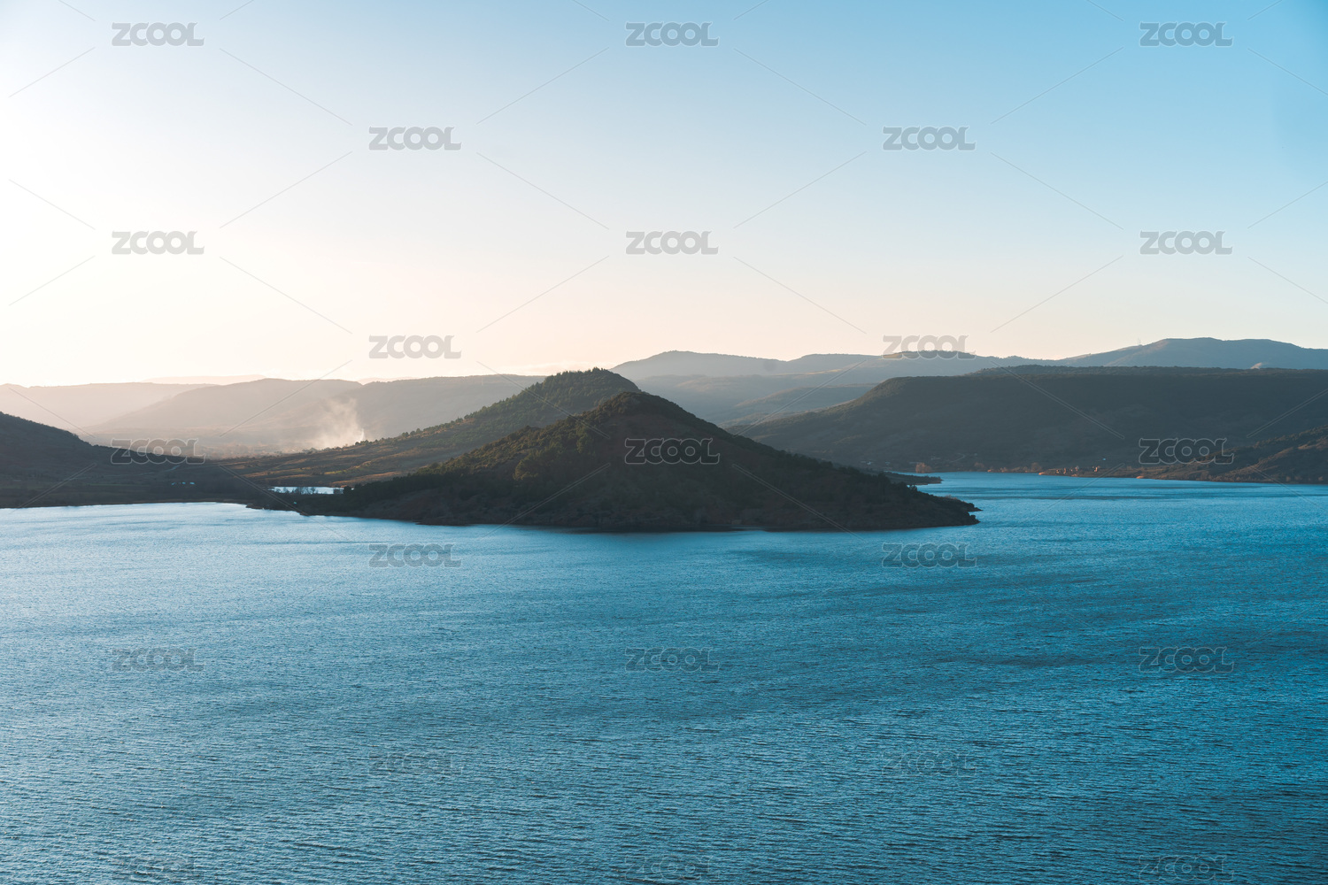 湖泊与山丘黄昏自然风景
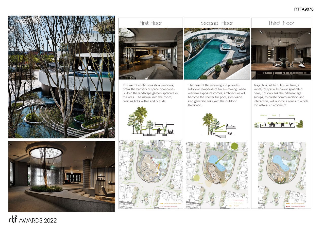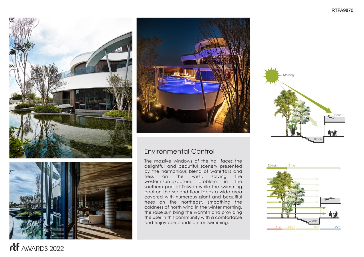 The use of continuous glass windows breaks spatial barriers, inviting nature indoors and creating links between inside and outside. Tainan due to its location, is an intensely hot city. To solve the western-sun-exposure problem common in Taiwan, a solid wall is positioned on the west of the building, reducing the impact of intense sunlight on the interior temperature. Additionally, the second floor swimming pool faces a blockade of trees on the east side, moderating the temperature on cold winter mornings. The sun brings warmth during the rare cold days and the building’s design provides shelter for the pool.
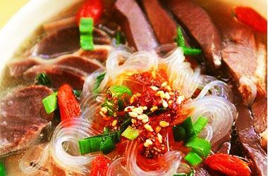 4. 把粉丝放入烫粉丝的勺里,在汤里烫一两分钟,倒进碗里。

...

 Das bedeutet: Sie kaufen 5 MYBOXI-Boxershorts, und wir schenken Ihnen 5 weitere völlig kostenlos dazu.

--

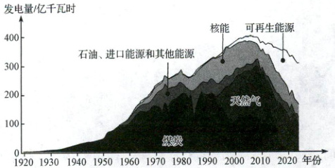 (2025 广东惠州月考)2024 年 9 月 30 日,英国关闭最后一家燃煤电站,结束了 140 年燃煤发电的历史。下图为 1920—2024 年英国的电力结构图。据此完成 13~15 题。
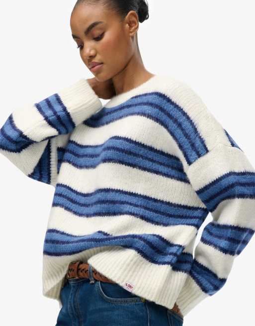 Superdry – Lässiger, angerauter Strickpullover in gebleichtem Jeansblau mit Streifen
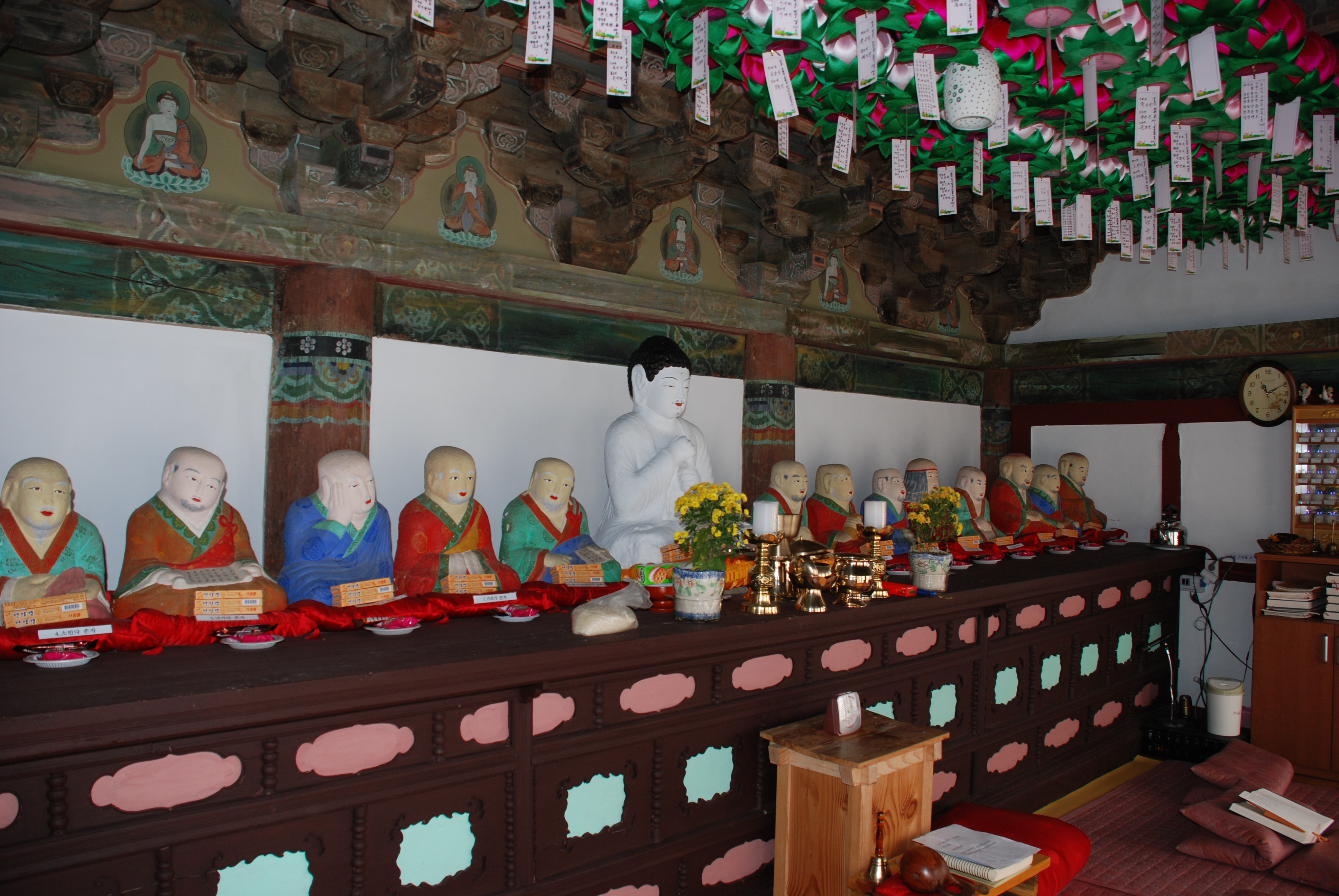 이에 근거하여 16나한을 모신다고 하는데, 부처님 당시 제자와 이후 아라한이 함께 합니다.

**PROBLEM:**
Exactly the lines starting at the one above with "The use of continuous" and ending at the one with "4. 把粉丝放入烫粉丝的勺里,在汤里烫一两分钟,倒进碗里。" should be printed, and nothing else. Omit the pictures.

**WRITTEN REPLY:**
 The use of continuous glass windows breaks spatial barriers, inviting nature indoors and creating links between inside and outside. Tainan due to its location, is an intensely hot city. To solve the western-sun-exposure problem common in Taiwan, a solid wall is positioned on the west of the building, reducing the impact of intense sunlight on the interior temperature. Additionally, the second floor swimming pool faces a blockade of trees on the east side, moderating the temperature on cold winter mornings. The sun brings warmth during the rare cold days and the building’s design provides shelter for the pool.
 4. 把粉丝放入烫粉丝的勺里,在汤里烫一两分钟,倒进碗里。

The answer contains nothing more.